Fin de cours de répétition
Comme chaque année, la Compagnie Lourde Fusillers Montagne (Cp Ld Fus Mont IV/8) termine son cours de répét. au Collège de la Gare à Clarens. Sous-off mat de la compagnie, c’est à moi qu’incombe la reddition du matériel avec mon petit groupe de “spécialistes”.
Samedi, cinq heures du matin. Il fait encore nuit et frisquet en cette fin avril quand je sors de chez moi. Je me serais bien passé de cette diane avancée, mais je me console en pensant que dans quelques heures je vais pouvoir reprendre le rythme normal d’un mec normal habillé normalement. Dès que j’aurai rendu le matériel “propre en ordre” à l’Arsenal d’Aigle mes hommes pourront rentrer dans leur foyer (et moi de même).

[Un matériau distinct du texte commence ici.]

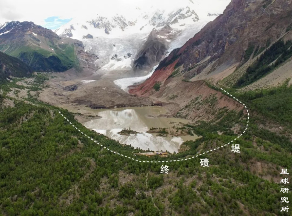 (白線為冰川曾經(jīng)推進的位置,攝影師@朱海峰)

D’un pas rapide, je me dirige vers la boulangerie Leutenegger qu’une bonne odeur de pain fraîchement préparé annonce à mon nez. Le magasin n’est pas encore ouvert mais je signale ma présence en frappant à la porte. La dame qui m’ouvre tombe des nues en voyant ce soldat qui débarque aux aubes, mais elle en a probablement vu d’autres et m’accueille gentiment, d’autant plus gentiment que je dévalise sa réserve de croissants encore chauds et délicieusement odorants.
Muni de cette ample provision, je prends la direction du Collège. C’est dans le local aux instruments de musique que les membres de mon équipe de choc ont passé cette dernière nuit. Les bruits bizarres que j’entends, cacophonie nocturne aux accents alcoolisés, ne me laissent aucun doute sur l’état de mes gaillards. Ils ont fêté jusque tard dans la nuit et ne s’attendent pas à être remis sur pieds aussi tôt.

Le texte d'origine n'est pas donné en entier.